I actually feel a little sorry for the Temple Loyalists here. It’s not their fault that the CoGA is deliberately and intentionally lying to them in order to exploit their faith. Unfortunately, there’s nothing that can be done about that.
I occasionally ‘feel bad’ for the TLs that are overall decent people, but just sadly ignorant and brainwashed.
Fahrman and his clan of murdering bastards however–NOT A CHANCE. He’s just using the jihad as window-dressing to something that he clearly thinks should have happened generations ago (except that it would have taken away from his own pleasure and satisfaction). The religious aspect is just a front for him, and a thin one at that.

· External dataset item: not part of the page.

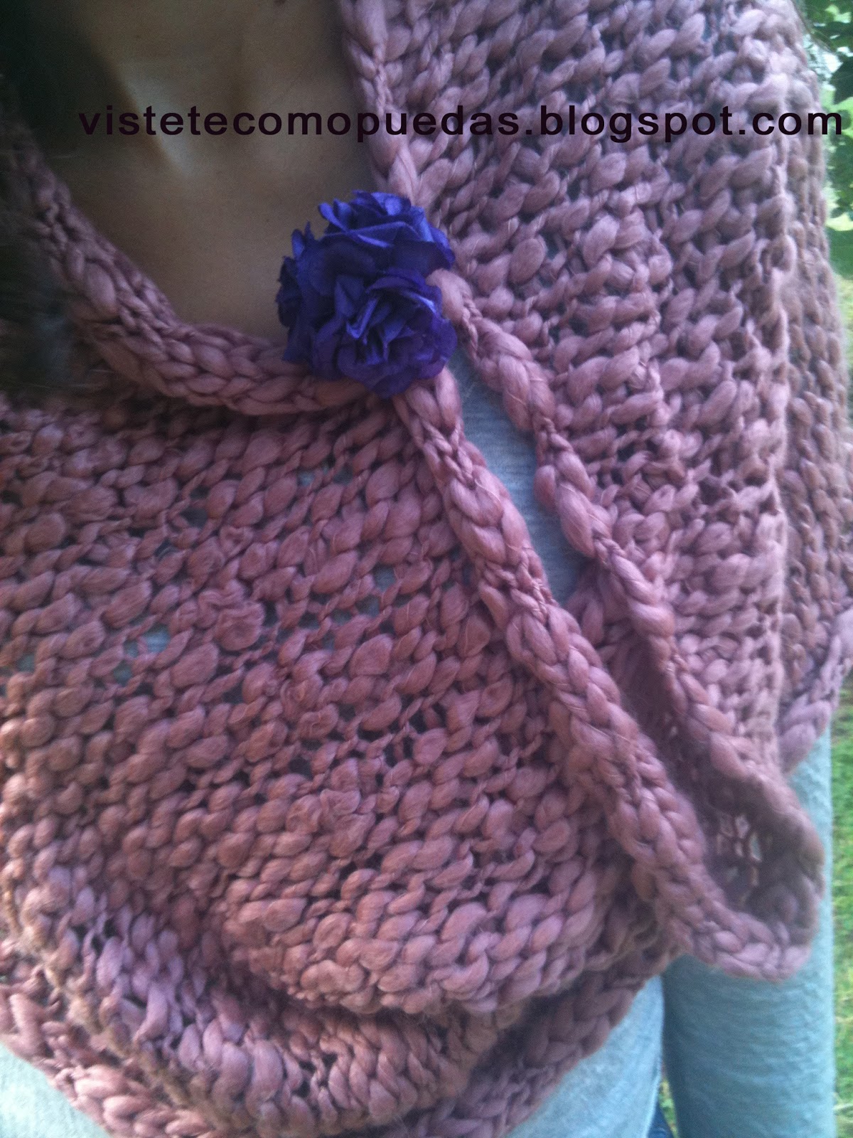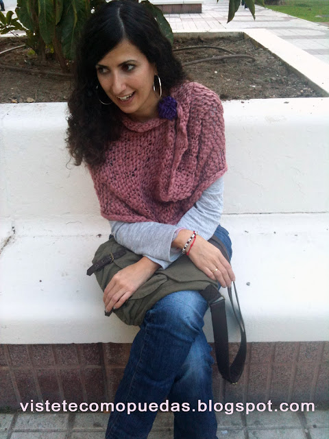 >En realidad no es una capa -como las que se llevan este otoño-, es mi propia adaptación. Una especie de bufanda de H&M cosida, es decir que no es realmente una bufanda. Una especie de lo que llaman braga -no me gusta nada llamarlo así- para el cuello. Es de una lana muy suave y agradable y de un color rosa muy bonito. Como al ponérmela se me caía un poco para abajo, le puse un broche que la cogiera un poco y, así tenía un aire más romántico. Además, debajo llevaba una camiseta nueva -otro de los regalos de cumple- de Mango, que también tiene un tacto muy agradable y es bastante cálida, además de cómoda.

I wonder if Raimahn & Co. will stay put or if they will go elsewhere now that the Trace is effectively closed. Seems like they came a long way with much difficulty just to “deliver a message.” Will they attack/go on the offensive even though the Trace is closed?
Unless they have another mission in the area to carry out, it doesn’t make sense to stay there. They might go on the offensive, but they have to avoid overtaxing their supply lines.
I meant to say “they might go on the offensive in another location in Glacierheart”. I’m sure there are plenty of TLs who need to be killed or otherwise persuaded to see the error of their ways.
I do have a problem with a line of explosives 1500 yards long. Even if that is a 20 lb charge every 100 yards, that is still one and a half tons of explosives. Seems like a lot for a group of troops at the long end of a supply line. OTOH, Frymahn and his people were a very high priority target, and this does, as suggested, send a message.
Also, according to my brief research, their fuse should burn no faster than 100 yards/second, taking 15 to 45 seconds to detonate all the charges.
I have to assume that anyone in the trace died. That left only Frymahn and a few others, if any. However, he was close enough to be seen by the riflemen, so it is at least possible he died. If not, he will probably try to lead the remaining 250 men somehow, but it is also possible that without a viable way to reach the Reformists, the “volunteers” may look for a better opportunity and leave him.
You are over estimating the size of the charges. I have watch 20 pound charges of home made powder fired from half a mile. I felt that I was too close. A couple a pounds each in a shell every 100 yards would work well. Also you are assuming that the quickmatch is shot in line. Instead assume a central firing point fanning out to all the charges. The quickmatch will take more powder than the bursting charges, but will also contribute to the over all blast.
Rob
How do you suppose Father Failyx is going to react to this?
badly
That’s pretty simple. The only thing to “react” to is that 118 men don’t return. So he’ll send his other 250 men to check it out–led by whatever of the local yokels are left.
Umm…while eating his FULL ration of food, and thanking Langhorne that there is now more to go around for the poor starving sinners around him.
All that we’re really hearing here is that the TL won’t be coming through Glacierheart.
The TL won’t be coming through Glacierheart until late spring, when most of the snow melts.
And when they come through, I hope the “Good Guys” have several nasty surprises waiting to greet them.